The House ethics committee is currently investigating seven African-American lawmakers — more than 15 percent of the total in the House. And an eighth black member, Rep. Jesse Jackson Jr. (D-Ill.), would be under investigation if the Justice Department hadn’t asked the committee to stand down.
Not a single white lawmaker is currently the subject of a full-scale ethics committee probe.
The ethics committee declined to respond to questions about the racial disparity, and members of the Congressional Black Caucus are wary of talking about it on the record. But privately, some black members are outraged — and see in the numbers a worrisome trend in the actions of ethics watchdogs on and off Capitol Hill.
“Is there concern whether someone is trying to set up [Congressional Black Caucus] members? Yeah, there is,” a black House Democrat said. “It looks as if there is somebody out there who understands what the rules [are] and sends names to the ethics committee with the goal of going after the [CBC].”
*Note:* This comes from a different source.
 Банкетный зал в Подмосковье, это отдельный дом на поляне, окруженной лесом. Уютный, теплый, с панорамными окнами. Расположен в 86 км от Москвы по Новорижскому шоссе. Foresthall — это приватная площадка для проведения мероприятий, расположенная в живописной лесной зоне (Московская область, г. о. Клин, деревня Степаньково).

African-American politicians have long complained that they’re treated unfairly when ethical issues arise. Members of the Congressional Black Caucus are still fuming over Speaker Nancy Pelosi’s decision to oust then-Rep. William Jefferson (D-La.) from the House Ways and Means Committee in 2006, and some have argued that race plays a role in the ongoing efforts to remove Rep. Charles Rangel (D-N.Y.) from his chairmanship of that committee.
Last week’s actions by the House ethics committee are sure to add fuel to the fire.
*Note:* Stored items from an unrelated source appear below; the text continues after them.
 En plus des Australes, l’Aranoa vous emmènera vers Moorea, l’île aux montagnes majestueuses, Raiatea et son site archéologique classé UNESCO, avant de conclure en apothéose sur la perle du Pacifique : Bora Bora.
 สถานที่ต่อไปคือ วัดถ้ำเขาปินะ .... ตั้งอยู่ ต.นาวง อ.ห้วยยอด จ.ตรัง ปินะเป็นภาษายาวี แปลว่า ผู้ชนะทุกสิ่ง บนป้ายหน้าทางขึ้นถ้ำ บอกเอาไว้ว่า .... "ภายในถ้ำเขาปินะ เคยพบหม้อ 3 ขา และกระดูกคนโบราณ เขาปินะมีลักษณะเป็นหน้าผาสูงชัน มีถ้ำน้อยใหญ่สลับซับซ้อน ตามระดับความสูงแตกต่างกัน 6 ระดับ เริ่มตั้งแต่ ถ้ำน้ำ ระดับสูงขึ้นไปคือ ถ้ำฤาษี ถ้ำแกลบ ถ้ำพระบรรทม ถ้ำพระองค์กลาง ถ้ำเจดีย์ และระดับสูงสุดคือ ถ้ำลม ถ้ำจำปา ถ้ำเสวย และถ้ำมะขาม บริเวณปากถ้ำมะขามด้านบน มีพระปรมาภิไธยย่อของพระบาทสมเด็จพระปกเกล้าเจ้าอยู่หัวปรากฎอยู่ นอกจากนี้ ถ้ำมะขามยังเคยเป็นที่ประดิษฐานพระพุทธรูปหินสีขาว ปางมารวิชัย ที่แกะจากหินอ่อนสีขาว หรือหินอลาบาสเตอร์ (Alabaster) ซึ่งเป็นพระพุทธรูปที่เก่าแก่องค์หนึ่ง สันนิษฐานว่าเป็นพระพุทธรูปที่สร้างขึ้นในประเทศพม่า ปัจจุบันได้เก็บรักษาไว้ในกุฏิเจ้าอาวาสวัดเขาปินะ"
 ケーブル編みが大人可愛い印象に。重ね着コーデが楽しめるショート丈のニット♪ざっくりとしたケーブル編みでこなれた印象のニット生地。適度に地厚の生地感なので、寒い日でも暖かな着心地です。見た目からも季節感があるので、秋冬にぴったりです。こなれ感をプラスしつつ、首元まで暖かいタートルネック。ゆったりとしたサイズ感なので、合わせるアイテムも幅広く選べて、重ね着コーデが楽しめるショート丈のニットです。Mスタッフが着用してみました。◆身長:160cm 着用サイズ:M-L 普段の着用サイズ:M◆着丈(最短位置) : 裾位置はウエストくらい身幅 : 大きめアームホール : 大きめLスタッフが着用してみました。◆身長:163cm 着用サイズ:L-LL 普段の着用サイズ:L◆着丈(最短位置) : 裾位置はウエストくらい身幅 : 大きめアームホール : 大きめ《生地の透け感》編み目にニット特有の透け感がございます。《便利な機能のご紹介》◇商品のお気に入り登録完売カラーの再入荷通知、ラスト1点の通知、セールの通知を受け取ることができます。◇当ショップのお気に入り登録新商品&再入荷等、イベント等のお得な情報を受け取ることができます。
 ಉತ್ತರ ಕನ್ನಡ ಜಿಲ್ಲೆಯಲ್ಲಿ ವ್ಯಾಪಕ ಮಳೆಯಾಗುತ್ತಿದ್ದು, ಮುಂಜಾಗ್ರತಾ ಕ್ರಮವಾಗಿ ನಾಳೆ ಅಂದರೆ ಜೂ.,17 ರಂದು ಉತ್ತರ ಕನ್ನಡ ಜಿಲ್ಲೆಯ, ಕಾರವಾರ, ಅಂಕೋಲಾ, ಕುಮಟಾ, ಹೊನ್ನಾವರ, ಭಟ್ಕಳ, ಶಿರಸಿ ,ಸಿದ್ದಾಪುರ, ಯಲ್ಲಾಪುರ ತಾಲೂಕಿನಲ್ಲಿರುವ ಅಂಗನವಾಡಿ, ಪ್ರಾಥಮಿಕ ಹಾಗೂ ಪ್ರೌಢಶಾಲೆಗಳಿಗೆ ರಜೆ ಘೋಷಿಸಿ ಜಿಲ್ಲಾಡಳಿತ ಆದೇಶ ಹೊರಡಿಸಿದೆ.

The committee — which has one African-American lawmaker, Rep. G.K. Butterfield (D-N.C.), among its 10 members — on Thursday considered three referrals from the recently formed Office of Congressional Ethics. It dismissed a case against Rep. Sam Graves (R-Mo.), who is white, but agreed to open full-blown investigations of California Democratic Reps. Maxine Waters and Laura Richardson, both of whom are black.
The committee was already investigating five other African-Americans. Rangel is the subject of two different probes, one involving a host of issues he has put before the committee and another involving allegations that corporate funds may have been used improperly to pay for members’ trips to the Caribbean in 2007-08. Reps. Carolyn Kilpatrick (D-Mich.), Bennie Thompson (D-Miss.) and Donald Payne (D-N.J.) and Del. Donna Christensen (D-U.S. Virgin Islands) are also included in the second of those investigations.